I assume that disable TRIM operation on SSD device; is it possible to do this operation per device ?

Regards,

Nicolas

Vagif Zeynalov August 5, 2020 at 8:38 PM

 my problem was completely resolved by switching to LSI Logic Controller Card LSI00301 SAS 9207-8i card.

To me it seems like nowadays SSD so fast that old controllers can't handle them.
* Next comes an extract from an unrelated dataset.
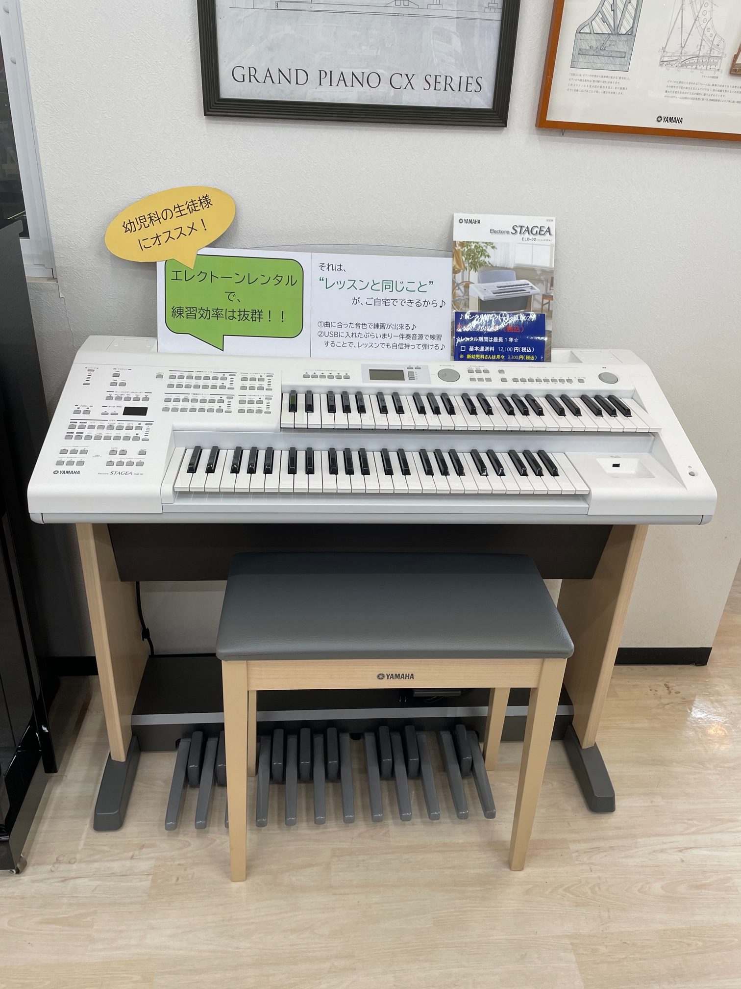 ちなみに、このエレクトーンをレンタルして、ご自宅でレッスンと同じように練習していただけるレンタルプランもございます。(幼児科の生徒様レンタル料→月々¥3300)

But I won't claim it as a statement, just a pure guess. slightly smiling face

Alexander Motin August 5, 2020 at 8:14 PM

We have no such SSDs to try, neither we received other reports like this.
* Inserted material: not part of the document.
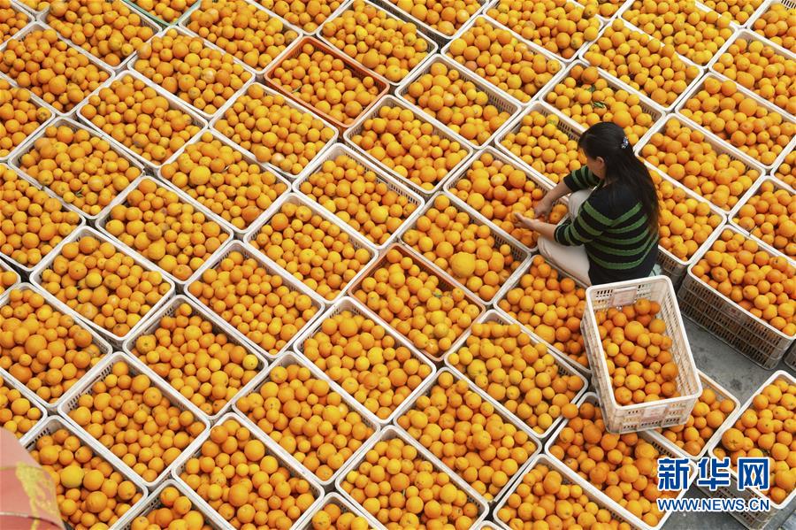 4月9日,秭归县郭家坝镇郭家坝村村民对新采摘的脐橙进行筛选准备出售。近年来,湖北省宜昌市秭归县大力发展晚熟脐橙品种,春季是晚熟脐橙品种上市期,也是下一季脐橙开花、坐果期,花果同枝的景象吸引众多游客前来观赏采摘。 新华社发(雷勇 摄)

Alexander Motin August 5, 2020 at 8:14 PM

"174 Unexpected_Pwr_Loss_Ct" increase on timeout scream to me about power supply or cabling issues.  Though only vendor knows what it really can be.
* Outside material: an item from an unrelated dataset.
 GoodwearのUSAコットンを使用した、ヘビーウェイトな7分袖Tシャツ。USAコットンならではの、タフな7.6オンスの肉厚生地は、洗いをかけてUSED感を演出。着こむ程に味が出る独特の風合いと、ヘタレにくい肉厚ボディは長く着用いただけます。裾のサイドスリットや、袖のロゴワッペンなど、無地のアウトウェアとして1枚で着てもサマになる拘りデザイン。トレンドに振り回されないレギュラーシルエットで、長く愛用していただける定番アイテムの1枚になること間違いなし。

Vagif Zeynalov June 6, 2020 at 8:47 AM
Edited

Hi guys!

I'm using FreeBSD 12.1-STABLE r361621 GENERIC  amd64 not FreeNAS, but the description of this problem exactly matches the issue I'm experiencing with my server since the middle of May.

I had system pool with two mirrored Samsung SSD 850 PRO 256GB almost for 3 years, but sometimes in the middle of May one of SSDs starting fail with the timeouts similar to described above (let's call it SSD#1)

 

May 28 21:36:46 media kernel: (ada11:ahcich20:0:0:0): WRITE_FPDMA_QUEUED. ACB: 61 00 f0 cc f5 40 00 00 00 01 00 00 May 28 21:36:46 media kernel: (ada11:ahcich20:0:0:0): CAM status: ATA Status Error May 28 21:36:46 media kernel: (ada11:ahcich20:0:0:0): ATA status: 41 (DRDY ERR), error: 84 (ICRC ABRT ) May 28 21:36:46 media kernel: (ada11:ahcich20:0:0:0): RES: 41 84 f0 cc f5 00 00 00 00 00 01 May 28 21:36:46 media kernel: (ada11:ahcich20:0:0:0): Retrying command, 3 more tries remain May 28 21:36:46 media kernel: ahcich20: Timeout on slot 12 port 0 May 28 21:36:46 media kernel: ahcich20: is 00000000 cs 00003000 ss 00003000 rs 00003000 tfd d0 serr 00080800 cmd 0004cc17 May 28 21:36:46 media kernel: (ada11:ahcich20:0:0:0): WRITE_FPDMA_QUEUED. ACB: 61 00 f0 cc f5 40 00 00 00 01 00 00 May 28 21:36:46 media kernel: (ada11:ahcich20:0:0:0): CAM status: Command timeout May 28 21:36:46 media kernel: (ada11:ahcich20:0:0:0): Retrying command, 2 more tries remain May 28 21:37:17 media kernel: ahcich20: Timeout on slot 4 port 0 May 28 21:37:17 media kernel: ahcich20: is 04000000 cs 00000030 ss 00000030 rs 00000030 tfd c0 serr 01880c00 cmd 0004c417 May 28 21:37:17 media kernel: (ada11:ahcich20:0:0:0): WRITE_FPDMA_QUEUED. ACB: 61 08 00 72 fa 40 00 00 00 00 00 00 May 28 21:37:17 media kernel: (ada11:ahcich20:0:0:0): CAM status: Command timeout May 28 21:37:17 media kernel: (ada11:ahcich20:0:0:0): Retrying command, 3 more tries remain

I was thinking - here is how your 10 years PRO warranty looks like Samsung?! slightly smiling face

 

So I ordered another same model of Samsung SSD (SSD#3) and Seagate IronWolf 110 SATA SSD (SSD#4) thinking - let's make it the mirror of three, just in case.

When they arrived I removed the failed SSD#1 and added new SSD#3 to the pool, and immediately SSD#2 (the old one) started to show the same errors!!!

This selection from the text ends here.